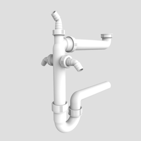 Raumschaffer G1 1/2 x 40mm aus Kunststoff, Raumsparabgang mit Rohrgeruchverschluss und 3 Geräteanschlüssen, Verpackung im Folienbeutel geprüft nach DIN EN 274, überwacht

...

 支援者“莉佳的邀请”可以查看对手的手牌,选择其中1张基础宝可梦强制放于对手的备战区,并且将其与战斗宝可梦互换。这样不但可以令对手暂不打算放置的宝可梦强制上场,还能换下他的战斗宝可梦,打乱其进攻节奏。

...

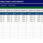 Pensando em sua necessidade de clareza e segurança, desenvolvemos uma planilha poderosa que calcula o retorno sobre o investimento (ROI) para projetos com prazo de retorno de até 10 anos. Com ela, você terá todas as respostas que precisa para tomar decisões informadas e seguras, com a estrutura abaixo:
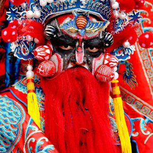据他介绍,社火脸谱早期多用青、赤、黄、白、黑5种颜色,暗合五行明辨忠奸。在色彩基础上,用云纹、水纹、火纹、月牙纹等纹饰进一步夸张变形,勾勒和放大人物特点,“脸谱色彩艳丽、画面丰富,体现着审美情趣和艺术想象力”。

▶ [EXERCISE REQUIREMENTS]: Beginning with the line that contains "Pensando em sua" and ending with the line that contains "据他介绍,社火脸谱早期多用青", reproduce the listing exactly, pictures excluded.

▶ [EXERCISE OUTPUT]:
 Pensando em sua necessidade de clareza e segurança, desenvolvemos uma planilha poderosa que calcula o retorno sobre o investimento (ROI) para projetos com prazo de retorno de até 10 anos. Com ela, você terá todas as respostas que precisa para tomar decisões informadas e seguras, com a estrutura abaixo:
据他介绍,社火脸谱早期多用青、赤、黄、白、黑5种颜色,暗合五行明辨忠奸。在色彩基础上,用云纹、水纹、火纹、月牙纹等纹饰进一步夸张变形,勾勒和放大人物特点,“脸谱色彩艳丽、画面丰富,体现着审美情趣和艺术想象力”。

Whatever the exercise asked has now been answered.